Omsk Giftedness Development Center (or, officially, Multidisciplinary Educational Center for Giftedness Development, ) is a secondary education institution in Russia, specified in the training for science olympiads in different school subjects, such as mathematics and physics. It is placed in the Neftyaniki District of Omsk and regularly takes high places in the various ratings of Russian educational centers.

History 
The center was opened in 1962 as Omsk State School 117 (), a usual soviet secondary school. The school has the quarters on Andrianova str., 4, in the Neftyaniki District (which is, in practice, a satellite town of Omsk, built for Omsk Oil Refinery).

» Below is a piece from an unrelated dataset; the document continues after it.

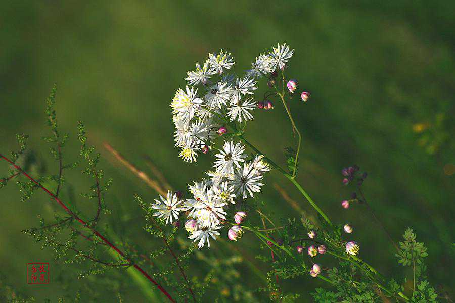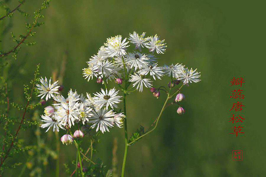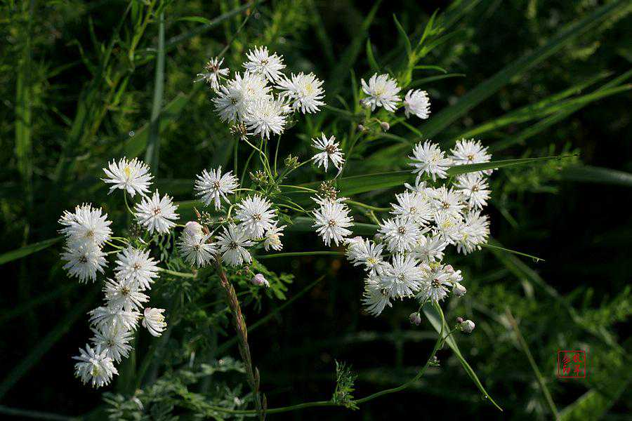 瓣蕊唐松草,别名马尾黄连、多花蔷薇,毛茛科唐松草属。瓣蕊唐松草为多年生草本植物,茎高20-50厘米,分枝。叶为3-4回三出复叶,互生;小叶倒卵形、近圆形或菱形。伞房状聚伞花序;花梗长0.5-2.8厘米;花直径1-2厘米;萼片4,白色,卵形,长3-5毫米,早落;无花瓣;雄蕊多数,长5-12毫米;花丝中上部棍棒状倒披针形,白色,比花药宽,或成花瓣状。花期6-7月。瘦果卵球形,长4-6毫米,宿存花柱直。
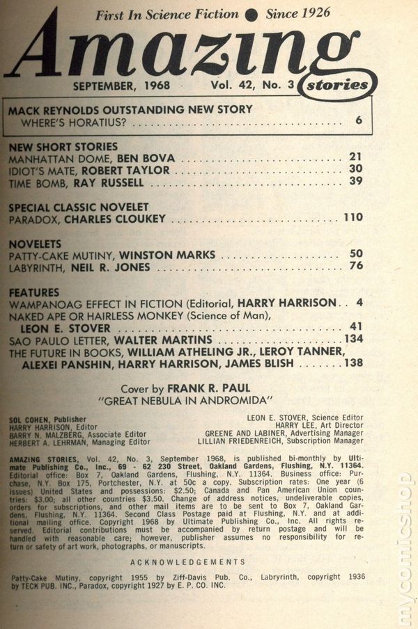 Amazing Stories (1926-Present Experimenter) Pulp Vol. 44 #12Published 1970 (est.) by Experimenter Publications.This item is not in stock at MyComicShop. If you use the "Add to want list" tab to add this issue to your want list, we will email you when it becomes available.

In 2002, several specialists in the training for science olympiads, notably Irina Chernyavskaya and Vladimir Davydenko, left Lyceum 64, then a leading educational center of Omsk, and chose to work in the school 117. This gave an impulse for the development of the school: in 2004, an agreement about the cooperation with Omsk State University was made, and a new headmaster, Svetlana Boykova, was appointed; in 2007, the school received the status of gimnasium; in 2008, there were two winners of International Mathematical Olympiad, Nikita Kudyk and Konstantin Matveev.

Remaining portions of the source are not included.